I don't think it's right to label any group of people as having "inherent" psychological tendencies based on their race, so I wouldn't say that white people have a need to overcome some sort of inherent inferiority complex. I think when white people reflexively poo-poo allegations of discrimination, it does stem from a need to distance themselves from or make sense of the obvious benefits white people as a whole have gained from discrimination. I liken it to Americans' downplaying or ignoring how our country has benefitted from exploiting other nations.

E.J. said...

ANONYMOUS 2: Just curious...what is the last legal slave state you referred to?

Arthur said...

Nice job pre-empting some of the replies.

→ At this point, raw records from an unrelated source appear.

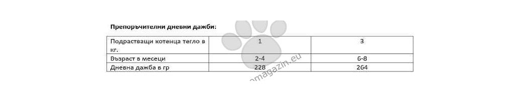 Инструкции за употреба: за коте на възраст 4-8 месеца се препоръчва дневна дажба от 228 - 264гр/ дневно, която може да се раздели на 3 хранения. Осигурете постоянен достъп до прясна и чиста вода. Когато тази храна замества друга, се препоръчва постепенното въвеждане за период от поне 1 седмица.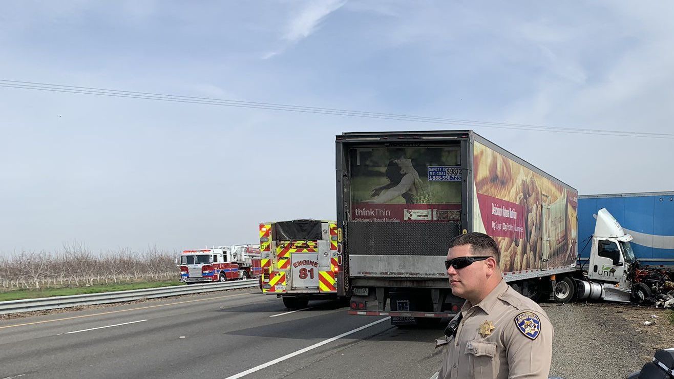 El tráfico se detuvo en la Interestatal 80 el viernes en el área de Dixon, en el norte del condado de Solano,  después de que un camión de remolque con una gran plataforma atravesara la división central de la carretera, reporta KCRA.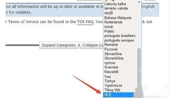 随后我们在右上角的语言栏里,通过下拉菜单滑到最底部选择中文,就像图中展示的那样。
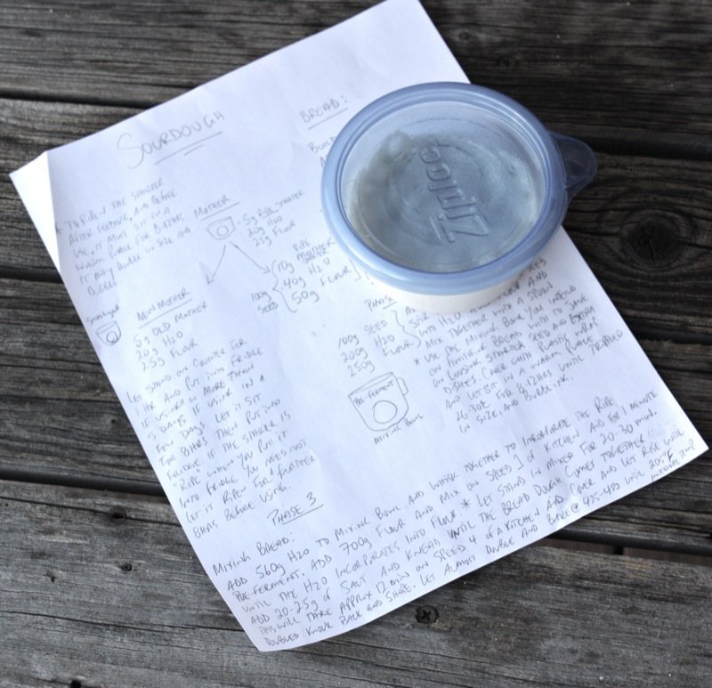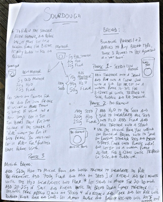 That was going to be the end of the post… but, when I stopped by Chad’s place of work, guess what I got? The recipe! And not just any old recipe, hand written, detailed and illustrated! But, that is not all! It came with a container of Adam’s mom’s sourdough starter! Can you feel the emotion? It swept through me and was ultimate gratification. I ask for the recipe, and I get so much more. I just finished a slice of this bread again today for lunch. The complexity of flavour had me grinning and humming all alone at the table, kicking my feet back and forth under my chair, and truly savouring the goodness in this bread and in my day.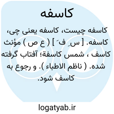 کاسفه. [ س ِ ف َ ] ( ع ص ) مؤنث کاسف، شمس کاسفة؛ آفتاب گرفته شده. ( ناظم الاطباء ). و رجوع به کاسف شود.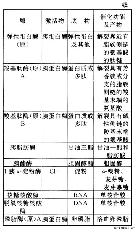 胰 pancreas 脊椎动物及部分无脊椎动物中兼具外分泌和内分泌两种功能的复合腺体。又称胰腺。外分泌部分由腺泡和连通肠腔的导管组成,腺泡分泌多种消化酶,导管上皮细胞分泌碳酸氢盐、钠、钾、氯等离子和水,合称胰液。经导管进入十二指肠的胰液可消化糖、脂肪和蛋白质,是机体最重要的消化液;内分泌部分由胰岛所组成。胰岛分泌多种激素,如胰岛素、胰高血糖素、胰多肽和生长抑素等。前两种激素在调节糖、脂肪、蛋白质的代谢,特别对维持正常血糖水平起着十分重要的作用,后两种激素的生理功能尚不十分清楚。人胰横卧于腹后壁和胃后方。分头、体、尾3部分:胰头位于十二指肠弯内,胰体占据胰中间的大部,胰尾延伸到脾。外被结缔组织,膜深入胰内,将胰分成许多小叶。胰导管横贯于胰的全长,在总胆管附近开口于十二指肠,或与总胆管汇合入肠。胰岛的毛细血管经小静脉后又进入围绕腺泡的毛细血管,因此,靠近胰岛腺泡的血液含有高浓度的胰岛细胞所释放的激素。支配胰的神经有迷走神经、交感神经和肽能神经。 胰腺兼具内、外分泌功能,在内、外分泌部分之间存在着胰岛-外分泌腺门脉系统 。胰岛素通过这一系统流向外分泌部分,促进胰酶合成,从而使胰腺的内、外分泌腺的功能紧密联系起来。 胰的外分泌 在哺乳动物,胰的外分泌部分分泌胰液。主要在消化期分泌。胰液中含水、无机物和有机物。人胰液中碳酸氢盐的最高浓度为140毫当量/升 。在生理限度内,胰液中HCO3-的浓度随着分泌速度加快而增加 。HCO3-浓度升高时,Cl-浓度将相应地下降,因此,胰液中的负离子的总浓度相对恒定,几乎与血浆等渗。碳酸氢盐不仅能中和胃酸,以保护肠粘膜免受强酸侵蚀;它还造成肠内适宜的pH环境,保证胰液和肠液中的许多酶在碱性环境中发挥作用。 胰液中有机成分主要有白蛋白、球蛋白和酶蛋白等。蛋白质浓度介于0.1%~10%。当胰酶分泌增加时,胰液中蛋白质浓度就升高。胰液含有消化糖、脂类、蛋白质三种主要营养物的酶,绝大多数以酶原形式分泌,需有激活物使其转变成酶,才能对底物发挥作用(见表)。所以,一般在正常情况下,胰蛋白酶不会消化胰组织本身。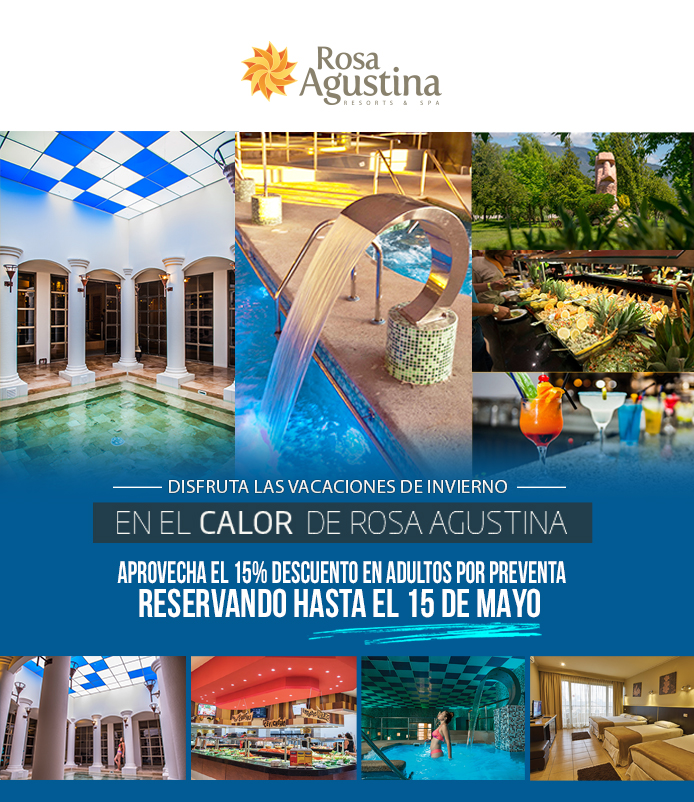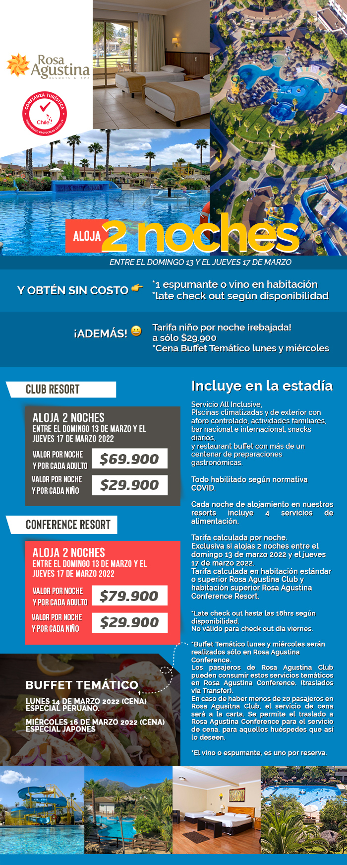 TARIFA NIÑO A SOLO $29.900 POR NOCHE EN AMBOS RESORTSLATE CHECK OUT HASTA LA18HRS SEGÚN DISPONIBILIDAD Y NO VÁLIDO LOS DÍAS VIERNES.1 ESPUMANTE O VINO POR RESERVA.PERMITE QUE PASAJEROS DE CLUB PUEDAN UTILIZAR INSTALACIONES DE CONFERENCEBUFFET TEMÁTICO LOS DÍAS LUNES Y MIÉRCOLES EN ROSA AGUSTINA CONFERENCE. LOS PASAJEROS DE ROSA AGUSTINA CLUB PUEDEN CONSUMIR ESTOS SERVICIOS TEMÁTICOS EN ROSA AGUSTINA CONFERENCE CON TRASLADOS VÍA TRANSFER.EN CASO DE HABER MENOS DE 20 PASAJEROS EN ROSA AGUSTINA CLUB, EL SERVICIO DE CENA SERÁ A LA CARTA. SE PERMITE EL TRASLADO A ROSA AGUSTINA CONFERENCE PARA EL SERVICIO DE CENA PARA AQUELLOS PASAJEROS QUE ASI LO DESEEN.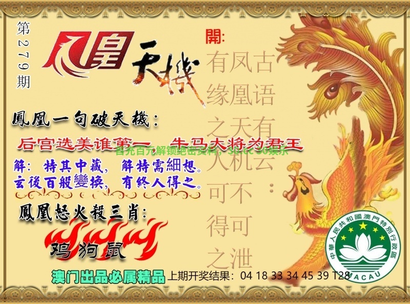 280期:杀三肖【虎鸡羊】开:發00准 |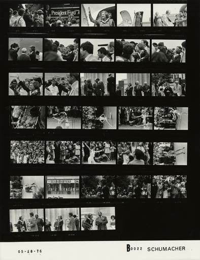 | Keywords: Ford B0022 NLGRF photo contact sheet (1976-05-27)(Gerald Ford Library).jpg White House Photographic Office WHPO is housed at the Gerald R Ford Presidential Library a branch of the National Archives and Records Administration NARA <br/><br/> This file is a 200 dpi photo contact sheet having images from roll of film B0022 of the August 9 1974 - January 20 1977 Gerald R Ford White House Photographic Office Series A0001-A9999 and B0001-B2886 photographs <br/><br/> The date on the photo contact sheet is the date the roll of film was processed not necessarily the date the photographs were taken See table below for additional details 1976-05-27 Gerald R Ford Presidential Library Image http //www fordlibrarymuseum gov/library/whphotos/B0022_NLGRF jpg B0022_NLGRF jpg from http //www fordlibrarymuseum gov/library/whphotos/19760527whpo pdf White House Photographs May 27 1976 of the http //www fordlibrarymuseum gov/Library/whphotos/whpo asp White House Photographic Collection page White House Photographic Office WHPO - Schumacher PD-USGov Institution Institution Gerald R Ford Presidential Library Table wikitable sortable + Photo contact sheet B0022 U S President Ford Administration Gerald R Ford Library Frame s Tone Subject proper Subject generic Names Geographic Location Photographer Date - 5 BW First Lady's Campaign Trip to Ohio; Arrival at Holiday Inn Cascade - Akron Ohio greeting handshaking Betty Ford Others Akron OH Holiday Inn Cascade -Outside Schumacher 1976-05-27 - 6 BW First Lady's Campaign Trip to Ohio; Reception for President Ford Committee PFC Supporters -Akron Ohio greeting handshaking talking; all not in every frame Betty Ford President Ford Committee PFC Supporters Akron OH Holiday Inn Cascade -Ballroom Schumacher 1976-05-28 - 7-8 BW First Lady's Campaign Trip to Ohio - Arrival at Wright-Patterson Air Force Base OH BF waving from open door of C-9 Jetstar Aircraft Betty Ford Dayton OH Wright-Patterson Air Force Base Schumacher 1976-05-28 - 9-16 BW First Lady's Campaign Trip to Ohio - Arrival at Wright-Patterson Air Force Base OH greeting handshaking talking; all not in every frame Betty Ford Air Force Personnel Others Crowd Dayton OH Wright-Patterson Air Force Base Schumacher 1976-05-28 - 17-18 BW First Lady's Campaign Trip to Ohio - Arrival for Campaign Rally at Courthouse Square Dayton OH greeting handshaking on steps of Courthouse Betty Ford Others Dayton OH Courthouse Square Schumacher 1976-05-28 - 19 BW First Lady's Campaign Trip to Ohio - Prior to Campaign Rally at Courthouse Square Dayton OH walking toward camera Others Dayton OH Courthouse Square Schumacher 1976-05-28 - 20 BW First Lady's Campaign Trip to Ohio - Prior to Campaign Rally at Courthouse Square Dayton OH sleeping in stroller Unidentified Child Dayton OH Courthouse Square Schumacher 1976-05-28 - 21-30 BW First Lady's Campaign Trip to Ohio - Public Performance at Courthouse Square Dayton OH performers from Dayton Ballet Company dancing in outdoor circle; others standing watching; all not in every frame Crowd Performers from Dayton Ballet Company Dayton OH Courthouse Square Schumacher 1976-05-28 - 31` BW First Lady's Campaign Trip to Ohio - Campaign Rally at Courthouse Square Dayton OH standing in windows looking at activities in Courthouse Square Campaign Workers Dayton OH Montgomery County Republican Headquarters - Outside Schumacher 1976-05-28 - 32-33 BW First Lady's Campaign Trip to Ohio - Campaign Rally at Courthouse Square Dayton OH BF speaking at microphone; others in background Betty Ford; Others Dayton OH Courthouse Square Schumacher 1976-05-28 - 34 BW First Lady's Campaign Trip to Ohio - Campaign Rally at Courthouse Square Dayton OH standing listening; all not in frame Crowd Dayton OH Courthouse Square Schumacher 1976-05-28 - 35-36 BW First Lady's Campaign Trip to Ohio - Campaign Rally at Courthouse Square Dayton OH US Representative from Ohio standing talking near microphone; others in background Betty Ford Unidentified Man Rep Tom Kindness ; Others Dayton OH Courthouse Square Schumacher 1976-05-28 - 37 BW First Lady's Campaign Trip to Ohio - Campaign Rally at Courthouse Square Dayton OH Montgomery County PFC Vice-Chairman Man speaking at microphone; BF standing to right; others in background Betty Ford Unidentified Man Fred Young ; Others Dayton OH Courthouse Square Schumacher 1976-05-28 Gerald R Ford Presidential Library and Museum-cooperation PD-USGov Contact sheets by the Ford White House May 1976 |
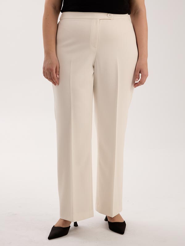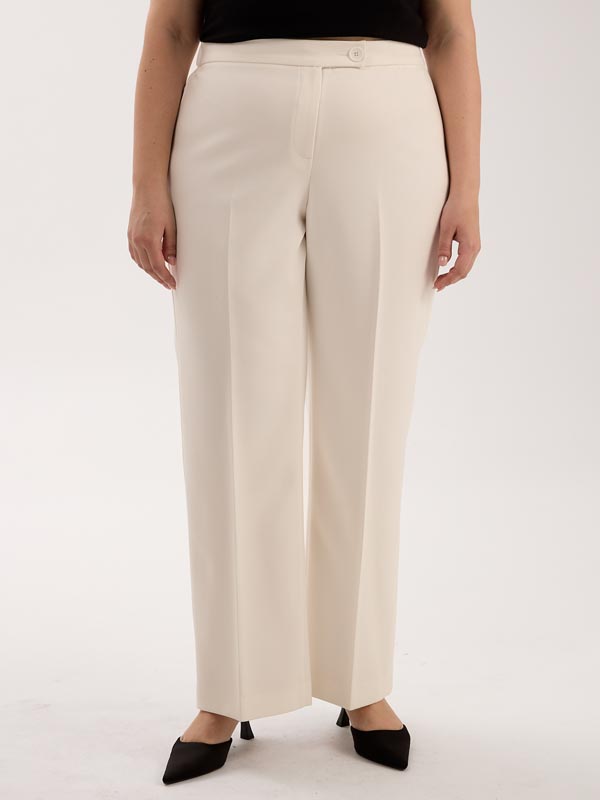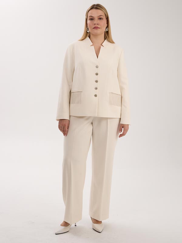 Брюки является частью костюма ЖАНЕ. Брюки полуприлегающие в области бедер, умеренно широкие по всей длине. Пояс притачной, частично (по спинке) с эластичной тесьмой внутри. Карманы на брюках не предусмотрены. Застежка на молнию и пуговицу. Выполнены из костюмной ткани в черном и молочном цветах.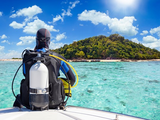 L'un des nombreux avantages de la Thaïlande est sa géographie. Le Royaume de Siam peut se visiter à l'année grâce à son climat essentiellement divisé en deux zones. Ainsi, de novembre à avril, vous pourrez plonger dans la mer d'Andaman, à l'ouest du pays ; c'est là que l'on trouve Koh Lanta, les îles Surin (où se trouve l'exceptionnel spot de Richelieu Rock), les îles Similian ou encore Phuket.

If it weren't a problem, there wouldn't be a discourse about it, and the concept would not have been created to begin with. It does occur, and you know its race when you dress just like every other "white" person on campus, and you're otherwise a healthy, normal human being, but when people walk by, they cough at you, they invade your personal space, stare at you.

I'm looking forward to reading Dr. Sue's book, will be getting it soon. I only hope its advice for dealing with the problem won't be talk it out with the perpetrators, because I sincerely believe that would be a strategy doomed to fail. Those who have been targets know of the problem, those who haven't been will condemn it and call it nonsense.